Ungestüm und boshaft trommelte sie, so stark sie konnte, mit beiden Händen auf den Tisch.

»Dann, Madame Pratolungo«, sagte sie, »ist die größte Tugend die Geduld. O, liebe Freundin, wie ich die größte aller Tugenden diesen Augenblick hasse!«

Damit hatte dieses Gespräch ein Ende und die Unterhaltung nahm endlich eine andere Wendung.

Als ich später über die sonderbaren Dinge nachdachte, welche Lucilla zu mir gesagt hatte, fand ich in dem am Frühstückstisch Vorgefallenen einen Trost.
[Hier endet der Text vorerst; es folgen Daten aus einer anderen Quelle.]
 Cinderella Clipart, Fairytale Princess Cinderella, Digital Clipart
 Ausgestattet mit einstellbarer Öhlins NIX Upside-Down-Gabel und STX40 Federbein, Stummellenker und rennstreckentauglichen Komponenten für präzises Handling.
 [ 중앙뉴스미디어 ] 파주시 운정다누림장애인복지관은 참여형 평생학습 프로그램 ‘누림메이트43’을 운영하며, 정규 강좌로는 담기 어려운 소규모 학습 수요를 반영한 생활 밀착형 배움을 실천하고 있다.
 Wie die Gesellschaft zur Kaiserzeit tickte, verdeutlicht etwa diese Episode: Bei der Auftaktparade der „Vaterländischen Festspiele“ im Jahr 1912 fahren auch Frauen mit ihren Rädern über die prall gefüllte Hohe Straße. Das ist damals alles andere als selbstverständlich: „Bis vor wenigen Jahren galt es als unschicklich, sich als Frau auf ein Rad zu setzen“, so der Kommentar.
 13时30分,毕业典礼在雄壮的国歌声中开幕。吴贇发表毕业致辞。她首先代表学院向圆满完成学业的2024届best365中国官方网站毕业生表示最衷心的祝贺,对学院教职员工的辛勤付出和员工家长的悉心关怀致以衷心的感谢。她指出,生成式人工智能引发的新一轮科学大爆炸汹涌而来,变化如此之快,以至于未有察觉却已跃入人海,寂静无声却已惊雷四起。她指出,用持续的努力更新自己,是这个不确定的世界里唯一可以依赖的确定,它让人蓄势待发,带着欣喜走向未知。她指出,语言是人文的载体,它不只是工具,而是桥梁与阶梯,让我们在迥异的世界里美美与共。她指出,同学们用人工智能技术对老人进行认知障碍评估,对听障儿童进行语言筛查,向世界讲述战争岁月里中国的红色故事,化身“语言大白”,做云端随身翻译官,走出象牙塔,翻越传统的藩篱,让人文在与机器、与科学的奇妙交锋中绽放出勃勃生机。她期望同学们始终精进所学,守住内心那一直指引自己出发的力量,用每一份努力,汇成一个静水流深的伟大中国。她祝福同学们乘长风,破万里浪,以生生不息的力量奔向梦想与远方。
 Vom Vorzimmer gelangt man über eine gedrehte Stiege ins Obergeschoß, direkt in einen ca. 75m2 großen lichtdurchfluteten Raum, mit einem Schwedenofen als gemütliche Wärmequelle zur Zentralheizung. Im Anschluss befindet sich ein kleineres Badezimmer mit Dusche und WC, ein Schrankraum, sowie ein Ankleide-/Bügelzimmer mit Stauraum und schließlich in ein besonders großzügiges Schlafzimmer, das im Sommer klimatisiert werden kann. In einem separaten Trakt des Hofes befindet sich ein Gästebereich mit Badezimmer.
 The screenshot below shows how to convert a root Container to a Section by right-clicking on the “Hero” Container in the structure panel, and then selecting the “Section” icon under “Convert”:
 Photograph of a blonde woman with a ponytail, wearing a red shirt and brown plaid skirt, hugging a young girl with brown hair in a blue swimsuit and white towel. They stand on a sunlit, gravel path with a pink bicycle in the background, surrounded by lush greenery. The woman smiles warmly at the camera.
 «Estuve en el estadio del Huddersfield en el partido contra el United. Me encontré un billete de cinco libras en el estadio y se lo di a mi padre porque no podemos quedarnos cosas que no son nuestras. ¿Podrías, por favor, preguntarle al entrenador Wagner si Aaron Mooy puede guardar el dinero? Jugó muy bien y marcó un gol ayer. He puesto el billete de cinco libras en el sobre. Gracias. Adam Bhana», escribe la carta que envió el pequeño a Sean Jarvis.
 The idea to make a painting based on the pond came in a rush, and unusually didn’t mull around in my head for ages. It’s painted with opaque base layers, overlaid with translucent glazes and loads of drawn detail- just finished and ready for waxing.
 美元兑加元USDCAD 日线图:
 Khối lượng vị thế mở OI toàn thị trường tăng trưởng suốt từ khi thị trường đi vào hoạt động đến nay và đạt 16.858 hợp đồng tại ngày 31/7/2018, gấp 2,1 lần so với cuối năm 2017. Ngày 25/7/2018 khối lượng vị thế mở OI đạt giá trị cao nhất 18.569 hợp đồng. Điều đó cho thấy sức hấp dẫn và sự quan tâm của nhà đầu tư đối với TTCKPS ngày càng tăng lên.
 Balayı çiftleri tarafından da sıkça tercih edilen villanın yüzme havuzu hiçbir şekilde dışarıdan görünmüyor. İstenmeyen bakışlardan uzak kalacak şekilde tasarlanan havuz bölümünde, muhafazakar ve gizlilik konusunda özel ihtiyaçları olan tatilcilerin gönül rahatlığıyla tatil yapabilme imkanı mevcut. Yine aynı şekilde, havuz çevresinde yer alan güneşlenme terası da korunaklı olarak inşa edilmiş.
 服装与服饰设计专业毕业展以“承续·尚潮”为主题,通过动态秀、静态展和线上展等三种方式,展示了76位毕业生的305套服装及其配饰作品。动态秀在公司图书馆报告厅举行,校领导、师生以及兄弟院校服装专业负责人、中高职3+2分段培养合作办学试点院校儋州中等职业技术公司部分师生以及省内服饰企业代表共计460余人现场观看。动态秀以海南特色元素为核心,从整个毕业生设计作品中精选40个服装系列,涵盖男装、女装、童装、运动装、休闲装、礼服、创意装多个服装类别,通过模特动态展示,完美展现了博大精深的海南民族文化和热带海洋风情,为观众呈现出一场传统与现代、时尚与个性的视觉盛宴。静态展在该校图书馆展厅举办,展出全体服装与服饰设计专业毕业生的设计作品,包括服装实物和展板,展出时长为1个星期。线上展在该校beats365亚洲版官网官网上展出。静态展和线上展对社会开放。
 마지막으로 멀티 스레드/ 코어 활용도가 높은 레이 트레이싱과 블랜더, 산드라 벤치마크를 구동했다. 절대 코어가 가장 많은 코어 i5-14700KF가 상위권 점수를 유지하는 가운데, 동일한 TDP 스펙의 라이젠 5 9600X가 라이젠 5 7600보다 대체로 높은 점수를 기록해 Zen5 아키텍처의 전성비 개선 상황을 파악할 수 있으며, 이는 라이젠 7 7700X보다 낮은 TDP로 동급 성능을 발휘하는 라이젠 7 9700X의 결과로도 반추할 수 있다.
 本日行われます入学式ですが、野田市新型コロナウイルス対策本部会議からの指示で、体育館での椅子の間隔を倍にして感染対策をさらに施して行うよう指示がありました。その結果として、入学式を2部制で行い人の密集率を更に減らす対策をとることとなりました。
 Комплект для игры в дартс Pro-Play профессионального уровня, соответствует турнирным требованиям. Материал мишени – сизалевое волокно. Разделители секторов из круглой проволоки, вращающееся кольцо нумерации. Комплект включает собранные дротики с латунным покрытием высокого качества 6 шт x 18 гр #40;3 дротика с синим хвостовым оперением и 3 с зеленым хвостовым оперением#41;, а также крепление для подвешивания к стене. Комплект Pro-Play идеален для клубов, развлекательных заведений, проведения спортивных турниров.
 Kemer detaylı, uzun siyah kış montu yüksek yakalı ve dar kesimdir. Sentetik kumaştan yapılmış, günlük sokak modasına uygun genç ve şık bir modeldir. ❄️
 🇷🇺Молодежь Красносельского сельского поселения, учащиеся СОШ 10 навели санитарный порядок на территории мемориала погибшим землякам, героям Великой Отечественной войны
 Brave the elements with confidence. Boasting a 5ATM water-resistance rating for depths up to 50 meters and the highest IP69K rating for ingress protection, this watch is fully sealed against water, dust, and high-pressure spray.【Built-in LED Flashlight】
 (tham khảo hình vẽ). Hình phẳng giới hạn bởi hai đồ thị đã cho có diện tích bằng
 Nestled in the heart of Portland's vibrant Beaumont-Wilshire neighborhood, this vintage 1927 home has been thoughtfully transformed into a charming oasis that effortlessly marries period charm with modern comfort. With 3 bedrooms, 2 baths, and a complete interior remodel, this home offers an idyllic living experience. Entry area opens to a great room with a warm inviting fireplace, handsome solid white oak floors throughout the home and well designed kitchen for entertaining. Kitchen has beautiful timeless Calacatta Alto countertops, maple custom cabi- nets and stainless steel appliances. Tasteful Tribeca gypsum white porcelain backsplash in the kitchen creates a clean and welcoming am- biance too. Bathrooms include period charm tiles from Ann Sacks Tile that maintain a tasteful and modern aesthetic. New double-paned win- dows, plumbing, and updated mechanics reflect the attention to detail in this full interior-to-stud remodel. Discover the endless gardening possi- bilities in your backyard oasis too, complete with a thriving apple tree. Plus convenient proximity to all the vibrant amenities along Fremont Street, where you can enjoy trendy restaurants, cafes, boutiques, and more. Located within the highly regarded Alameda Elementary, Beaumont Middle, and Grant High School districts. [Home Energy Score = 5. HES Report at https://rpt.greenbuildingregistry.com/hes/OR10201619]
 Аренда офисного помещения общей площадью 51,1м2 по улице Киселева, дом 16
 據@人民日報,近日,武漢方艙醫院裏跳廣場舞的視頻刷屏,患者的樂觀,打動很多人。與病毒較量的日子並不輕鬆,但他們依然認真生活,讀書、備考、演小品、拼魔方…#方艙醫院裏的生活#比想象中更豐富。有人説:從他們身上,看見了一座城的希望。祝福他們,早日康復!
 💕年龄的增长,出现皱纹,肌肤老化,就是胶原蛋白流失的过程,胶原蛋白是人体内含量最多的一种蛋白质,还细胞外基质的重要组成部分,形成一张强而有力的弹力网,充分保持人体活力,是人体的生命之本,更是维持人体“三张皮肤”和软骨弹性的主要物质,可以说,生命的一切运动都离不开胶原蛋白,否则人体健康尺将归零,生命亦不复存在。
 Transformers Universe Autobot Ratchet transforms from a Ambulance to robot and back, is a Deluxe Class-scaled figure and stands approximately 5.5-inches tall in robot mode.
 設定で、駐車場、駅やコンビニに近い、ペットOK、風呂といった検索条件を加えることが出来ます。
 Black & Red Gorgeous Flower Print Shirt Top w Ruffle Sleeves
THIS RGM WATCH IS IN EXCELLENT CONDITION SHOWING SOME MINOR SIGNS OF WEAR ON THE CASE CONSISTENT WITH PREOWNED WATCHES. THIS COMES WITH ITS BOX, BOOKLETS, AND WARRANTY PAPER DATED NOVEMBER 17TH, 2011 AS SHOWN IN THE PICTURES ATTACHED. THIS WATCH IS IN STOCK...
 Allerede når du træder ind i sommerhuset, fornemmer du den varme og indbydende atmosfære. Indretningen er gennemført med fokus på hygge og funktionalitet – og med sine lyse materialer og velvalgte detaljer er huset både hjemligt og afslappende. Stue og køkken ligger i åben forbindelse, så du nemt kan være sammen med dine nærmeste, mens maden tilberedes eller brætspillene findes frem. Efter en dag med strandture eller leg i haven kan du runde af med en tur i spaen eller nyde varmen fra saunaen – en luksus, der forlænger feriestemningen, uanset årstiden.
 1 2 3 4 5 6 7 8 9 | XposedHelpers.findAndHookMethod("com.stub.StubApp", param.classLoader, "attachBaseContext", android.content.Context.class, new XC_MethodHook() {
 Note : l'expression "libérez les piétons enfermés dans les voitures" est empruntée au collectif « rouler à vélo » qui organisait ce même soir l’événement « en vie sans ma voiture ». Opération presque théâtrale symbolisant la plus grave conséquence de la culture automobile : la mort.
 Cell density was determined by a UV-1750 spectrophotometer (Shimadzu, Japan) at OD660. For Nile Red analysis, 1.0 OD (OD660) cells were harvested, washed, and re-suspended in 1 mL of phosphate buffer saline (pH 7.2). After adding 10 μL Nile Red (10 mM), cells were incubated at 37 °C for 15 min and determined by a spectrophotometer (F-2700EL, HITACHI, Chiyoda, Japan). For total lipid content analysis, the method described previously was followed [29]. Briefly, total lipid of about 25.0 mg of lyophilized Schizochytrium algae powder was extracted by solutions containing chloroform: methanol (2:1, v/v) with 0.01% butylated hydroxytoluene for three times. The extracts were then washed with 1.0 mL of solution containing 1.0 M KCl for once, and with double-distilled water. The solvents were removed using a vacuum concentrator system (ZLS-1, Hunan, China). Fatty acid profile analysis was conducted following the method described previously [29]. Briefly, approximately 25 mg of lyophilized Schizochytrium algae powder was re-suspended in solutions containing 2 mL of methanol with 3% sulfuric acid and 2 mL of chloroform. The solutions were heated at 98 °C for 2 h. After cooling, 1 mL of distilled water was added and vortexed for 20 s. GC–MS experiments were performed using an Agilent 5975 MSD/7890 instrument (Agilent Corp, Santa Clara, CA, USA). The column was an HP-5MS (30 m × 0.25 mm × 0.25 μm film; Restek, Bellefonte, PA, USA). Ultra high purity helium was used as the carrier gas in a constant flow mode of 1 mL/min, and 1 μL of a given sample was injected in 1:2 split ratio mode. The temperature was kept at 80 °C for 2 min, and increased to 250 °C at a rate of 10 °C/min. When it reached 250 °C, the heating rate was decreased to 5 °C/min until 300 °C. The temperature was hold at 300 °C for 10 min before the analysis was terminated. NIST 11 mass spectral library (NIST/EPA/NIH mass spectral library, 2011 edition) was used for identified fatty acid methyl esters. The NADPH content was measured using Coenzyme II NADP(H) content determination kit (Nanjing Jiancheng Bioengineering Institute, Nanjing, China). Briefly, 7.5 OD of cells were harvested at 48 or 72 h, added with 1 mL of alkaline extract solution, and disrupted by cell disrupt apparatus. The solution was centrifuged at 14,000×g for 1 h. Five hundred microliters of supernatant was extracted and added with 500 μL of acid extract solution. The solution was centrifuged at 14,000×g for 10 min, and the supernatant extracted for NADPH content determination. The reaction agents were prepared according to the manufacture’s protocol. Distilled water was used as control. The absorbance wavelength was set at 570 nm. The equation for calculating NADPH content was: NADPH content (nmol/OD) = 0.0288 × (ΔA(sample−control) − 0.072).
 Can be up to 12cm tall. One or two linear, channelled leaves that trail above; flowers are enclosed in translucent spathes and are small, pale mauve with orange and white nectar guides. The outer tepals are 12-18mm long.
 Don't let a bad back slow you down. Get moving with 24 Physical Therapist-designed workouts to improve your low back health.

Wenn Herrn Sebrigth Aussichten sich als die richtigen erweisen, und die Operation schließlich doch fehlschlagen sollte, so hatte ich Lucilla’s Wort dafür, daß Blindheit an und für sich dem Blinden nicht als das schreckliche Unglück erscheint, als welches wir Uebrigen uns dieselbe vorstellen — weil wir sehen können.

Gegen halb sieben Uhr Abends ging ich, meiner Absicht gemäß, allein aus, um Oscar bei seiner Rückkehr von London zu begegnen.

Aus weiter Entfernung sah ich ihn mir entgegen kommen. Er ging rascher als gewöhnlich und sang dabei. Trotz seiner fahlen Gesichtsfarbe strahlte das Gesicht des armen Menschen von Glück, als er sich mir näherte. In ausgelassener Lustigkeit schwang er seinen Spazierstock in der Luft. »Gute Nachrichten«, rief er mir so laut er konnte entgegen. »Herr Sebright hat mich wieder zu einem glücklichen Menschen gemacht.« Nie war Oscar, mir in seinem Wesen Nugent so ähnlich erschienen wie jetzt, als wir aufeinander zutraten und er mir die Hand reichte.

»Erzählen Sie mir Alles«, sagte ich.

Er gab mir seinen Arm und so gingen wir, die ganze Zeit im lebhaften Gespräch begriffen, langsam nach Dimchurch zurück.

»Für’s Erste«, fing er an, »ist Herr Sebright fester als je von der Richtigkeit seiner Ansicht überzeugt. Er hält es für unzweifelhaft, daß die Operation fehlschlagen wird.«

»Sind das Ihre guten Nachrichten?« fragte ich im vorwurfsvollen Ton.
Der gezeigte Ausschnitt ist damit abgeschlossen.